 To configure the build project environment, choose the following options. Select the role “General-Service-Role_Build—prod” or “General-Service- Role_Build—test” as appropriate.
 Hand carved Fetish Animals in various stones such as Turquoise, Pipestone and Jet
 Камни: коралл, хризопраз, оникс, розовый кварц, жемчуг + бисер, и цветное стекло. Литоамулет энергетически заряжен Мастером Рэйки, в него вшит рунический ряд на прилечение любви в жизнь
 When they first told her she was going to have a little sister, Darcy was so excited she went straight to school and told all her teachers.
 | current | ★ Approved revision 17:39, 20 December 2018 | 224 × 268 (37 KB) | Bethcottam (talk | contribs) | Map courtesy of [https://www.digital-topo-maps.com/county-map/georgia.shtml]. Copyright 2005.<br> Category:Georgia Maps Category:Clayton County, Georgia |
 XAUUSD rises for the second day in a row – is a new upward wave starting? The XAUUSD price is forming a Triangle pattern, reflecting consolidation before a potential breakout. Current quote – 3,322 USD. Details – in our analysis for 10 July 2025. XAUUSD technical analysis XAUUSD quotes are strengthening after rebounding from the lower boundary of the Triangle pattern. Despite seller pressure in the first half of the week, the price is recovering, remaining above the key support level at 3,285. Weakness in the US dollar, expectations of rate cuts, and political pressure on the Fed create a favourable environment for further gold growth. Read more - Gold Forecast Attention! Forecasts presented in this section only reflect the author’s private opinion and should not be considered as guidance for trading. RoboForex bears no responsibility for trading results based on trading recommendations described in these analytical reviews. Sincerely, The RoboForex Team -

==

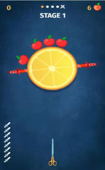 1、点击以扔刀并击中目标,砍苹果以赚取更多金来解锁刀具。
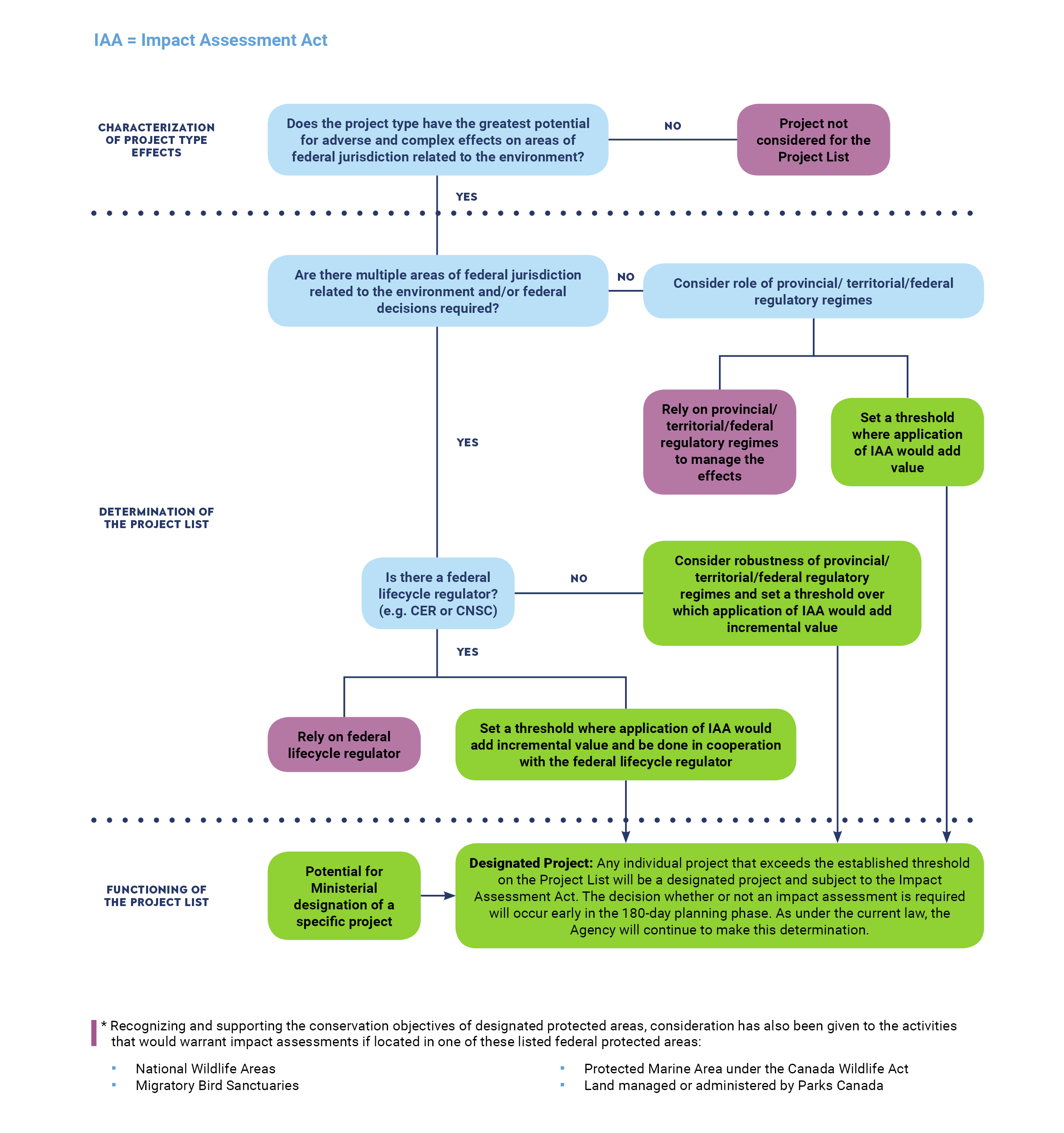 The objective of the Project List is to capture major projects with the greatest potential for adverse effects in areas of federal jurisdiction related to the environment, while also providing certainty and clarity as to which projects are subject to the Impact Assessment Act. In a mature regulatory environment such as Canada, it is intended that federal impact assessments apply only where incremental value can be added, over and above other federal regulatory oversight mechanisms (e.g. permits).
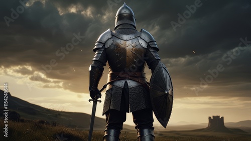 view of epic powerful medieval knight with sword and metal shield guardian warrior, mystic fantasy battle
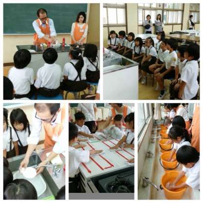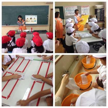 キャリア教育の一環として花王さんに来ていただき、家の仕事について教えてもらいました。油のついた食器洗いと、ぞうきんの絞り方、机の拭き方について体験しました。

---

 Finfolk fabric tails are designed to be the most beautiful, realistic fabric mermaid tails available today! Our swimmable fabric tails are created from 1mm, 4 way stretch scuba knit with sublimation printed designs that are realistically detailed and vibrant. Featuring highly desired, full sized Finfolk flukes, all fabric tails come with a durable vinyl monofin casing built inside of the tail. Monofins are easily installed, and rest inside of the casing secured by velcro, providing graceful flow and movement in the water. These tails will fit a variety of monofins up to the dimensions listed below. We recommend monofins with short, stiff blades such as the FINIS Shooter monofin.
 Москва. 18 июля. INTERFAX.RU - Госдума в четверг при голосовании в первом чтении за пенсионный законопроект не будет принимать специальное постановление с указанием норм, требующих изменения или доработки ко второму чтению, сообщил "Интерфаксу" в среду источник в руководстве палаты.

● Exercise description
From the listing above, return the lines starting at the one with "To configure the" and ending at the one with "County, Georgia |", both kept, exactly as they appear and nothing more.

● Answer section
 To configure the build project environment, choose the following options. Select the role “General-Service-Role_Build—prod” or “General-Service- Role_Build—test” as appropriate.
 Hand carved Fetish Animals in various stones such as Turquoise, Pipestone and Jet
 Камни: коралл, хризопраз, оникс, розовый кварц, жемчуг + бисер, и цветное стекло. Литоамулет энергетически заряжен Мастером Рэйки, в него вшит рунический ряд на прилечение любви в жизнь
 When they first told her she was going to have a little sister, Darcy was so excited she went straight to school and told all her teachers.
 | current | ★ Approved revision 17:39, 20 December 2018 | 224 × 268 (37 KB) | Bethcottam (talk | contribs) | Map courtesy of [https://www.digital-topo-maps.com/county-map/georgia.shtml]. Copyright 2005.<br> Category:Georgia Maps Category:Clayton County, Georgia |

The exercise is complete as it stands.